February – Age Related Macular Degeneration Awareness Month

February is Age Related Macular Degeneration Awareness Month, shedding light on a degenerative condition that destroys the eyesight of nearly 11 million Americans every single year. Medical researchers believe more than 20 million Americans will be fighting age-related macular degeneration by the time 2050 rolls around. More people lose their vision to age-related macular degeneration than both cataracts and glaucoma combined. Even worse, macular degeneration is incurable.

According to the University of Wisconsin School of medicine, in conjunction with the US CDC, nearly 6.5% of all Americans 40 years of age or older are already dealing with some degree of macular degeneration. While this medical condition is certainly more prevalent in the older white population (affecting 14% of white Americans 80 years of age or older), minority groups are being hit by higher instances of macular degeneration at an increased rate as well.

What Exactly Is Macular Degeneration?

Macular degeneration is essentially the deterioration of the most central portion of your retina, the part of your eye responsible for recording the images the eyes detect and sending them via your optical nerve to the “eye of your brain” to be decoded and recognized. The central portion of your retina is known as your macula, and it does all of the heavy lifting as far as focusing your central vision. This central portion is the part of your eye that helps you read, helps you recognize people, colors, and objects, gives you the ability to play sports and drive a vehicle, and grants you the ability to see the finest details in life.

When macular degeneration starts to hit, that portion of your eyes starts to degrade – faster and faster as you get older – and that’s when your vision starts decline. You’ll still be able to see blurry images at the periphery of your vision, but your central focus (the majority of your focus) is going to be blocked out, blurred out, and unrecognizable.

Breaking down the two different types of age-related macular degeneration:

There are two specific types of age-related macular degeneration, the “dry” and the “wet” conditions.

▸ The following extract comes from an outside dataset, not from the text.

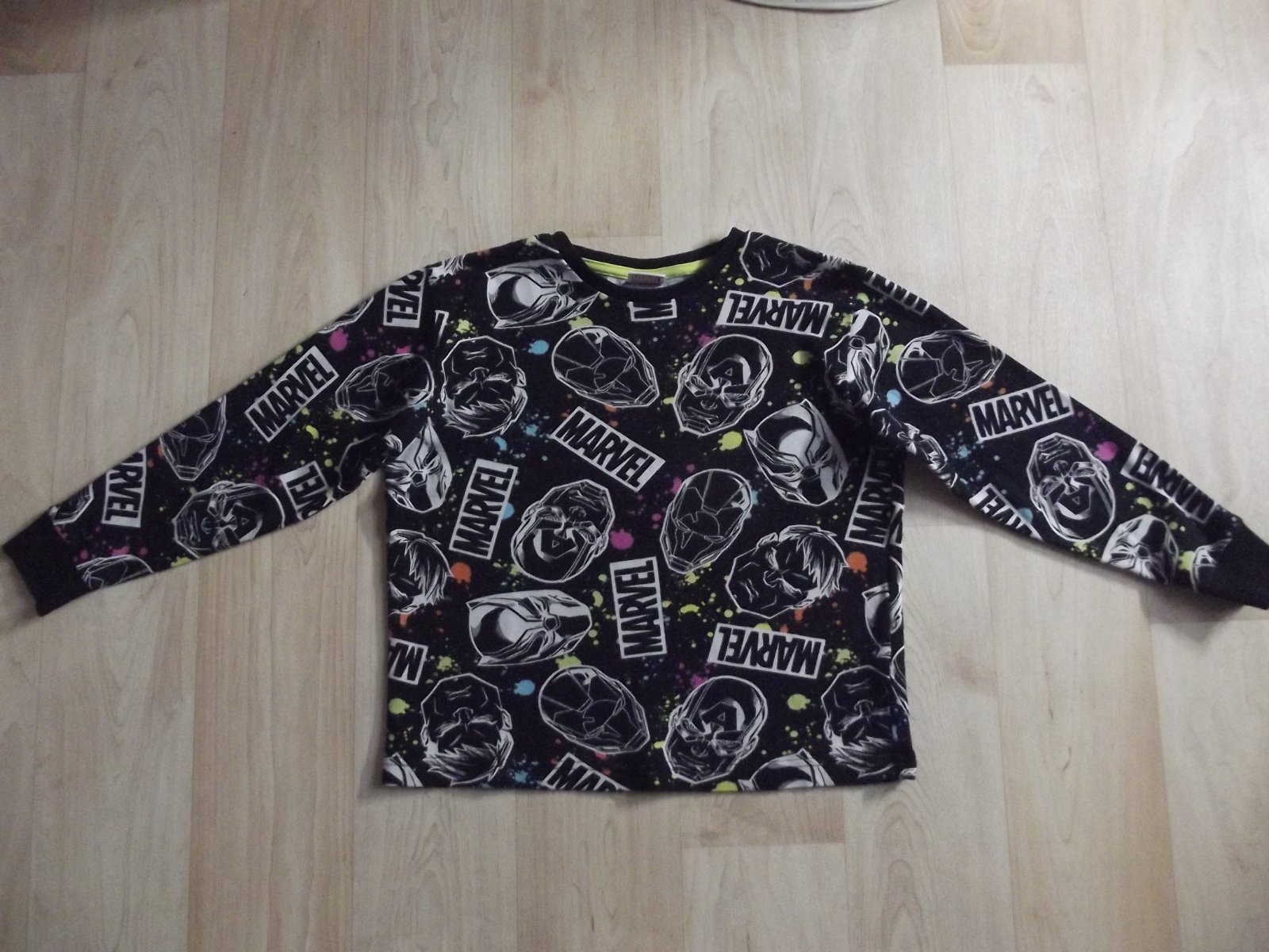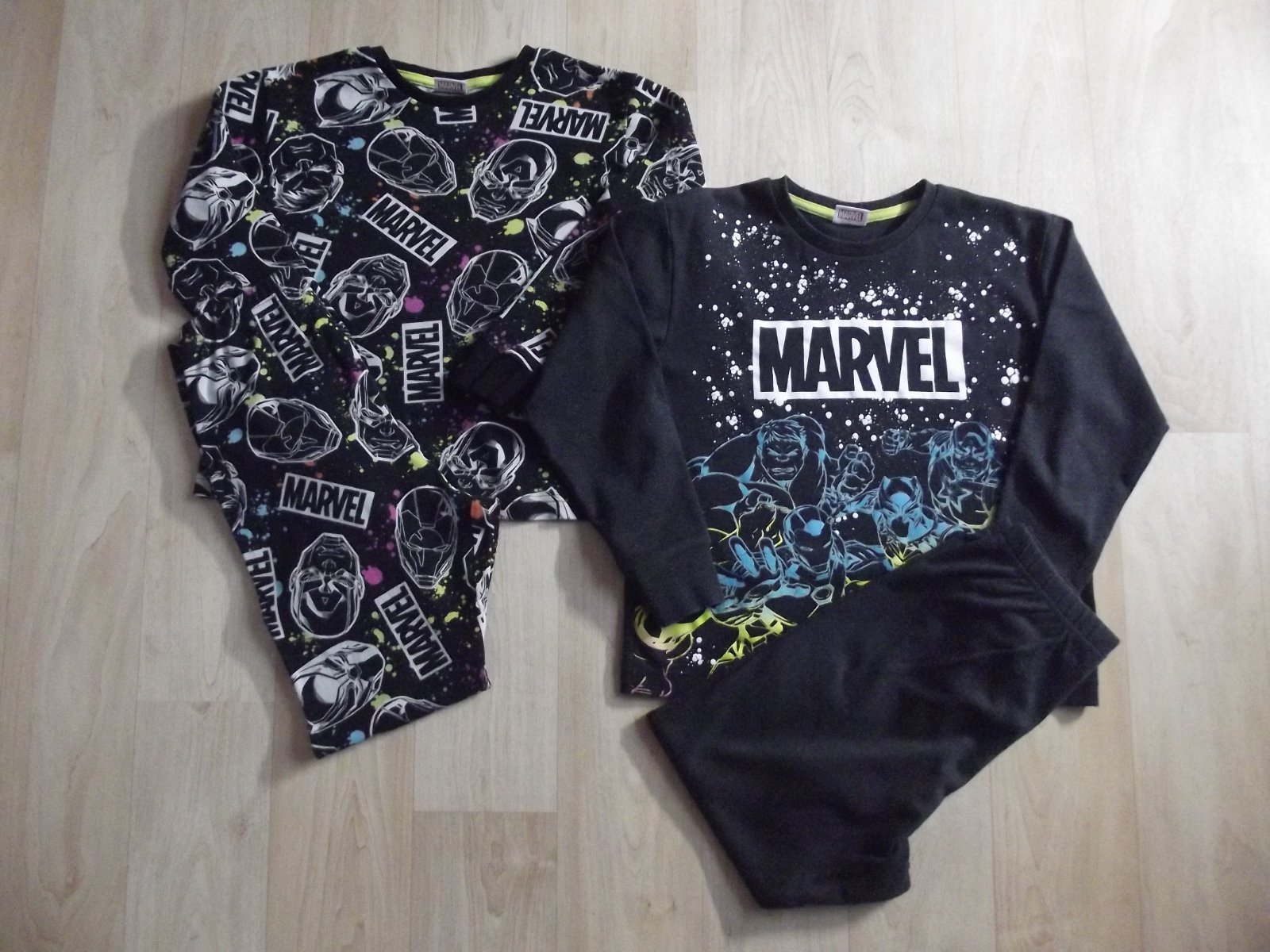 Pyžama jsou nošená jen synem. Velikost je psaná na 10let, ale neodpovídá, proto dávám v.134. Délka rukávu od krku 52cm, délka zad 42cm. Pas 2x28cm, vnitřní délka nohavice 50cm, boční délka 74cm. Cena je za obě. Cena + balíkovna 75kč, zásilkovna 89kč.

  • Nearly 90% of all age-related macular degeneration situations are of the “dry” variety, with only about 10% being of the “wet” variety.
  • Dry macular degeneration (sometimes described as non-neovascular) happens in the early stages of this disease and results mostly from the overall aging and breakdown of the macular tissue in the eye itself. Deposits of pigments and proteins are going to occur inside of the macula, and this is where your “blind spots” are going to start to present themselves.

This process happens on a much more gradual basis compared to the “wet” form of macular degeneration (sometimes described as neovascular). This is a much more advanced and damaging form of eye degradation and occurs when new blood vessels begin to grow beneath your retina and start leaking blood and fluid into your eyeball.

This leakage causes your light-sensitive retinal cells to die off, causing permanent damage and creating blind spots in your central vision that cannot be recovered or repaired. Occult, wet macular degeneration is a little bit less severe than the classic type of wet macular degeneration, but both are far more serious and destroy your vision far faster than dry macular degeneration.

Highlighting the Root Causes and Symptoms of Macular Degeneration

Medical researchers still do not have a full picture of the specific route factors that cause macular degeneration in the first place. There are research teams working around the world to uncover exactly why this condition happens in the first place, but limited funding for this specific disease has hindered progress significantly.

Researchers do believe that the overall root cause of macular degeneration is a more complex intermingling of numerous factors, ranging from hereditary and genetic issues intertwined with environmental and lifestyle choices that combined to create a perfect storm of sorts that works to degrade your vision. Researchers do know that the cells that cause our macula is to deteriorate are different than the cells that cause the Stargardt disease – another disease that robs our vision. Specific genetic factors trigger the Stargardt disease while age-related macular degeneration is a combination of genetic factors and environmental issues.

What Can You Do to Fight Back Against Macular Degeneration?

As highlighted above, there is no currently known cure for macular degeneration, but that doesn’t mean there isn’t anything you can do to prevent this problem from taking hold or to slow down the degradation of your eyesight after you have been diagnosed. Early detection is critical, and your doctor will tell you there are a number of different lifestyle changes you can make – including changes to your diet and exercise habits, encouraging you to avoid smoking if you still do, and providing you with tools to help you protect your eyes from ultraviolet light moving forward.

Hopefully more answers will come from the awareness generated by the initiatives held every February as part of Age Related Macular Degeneration Awareness Month.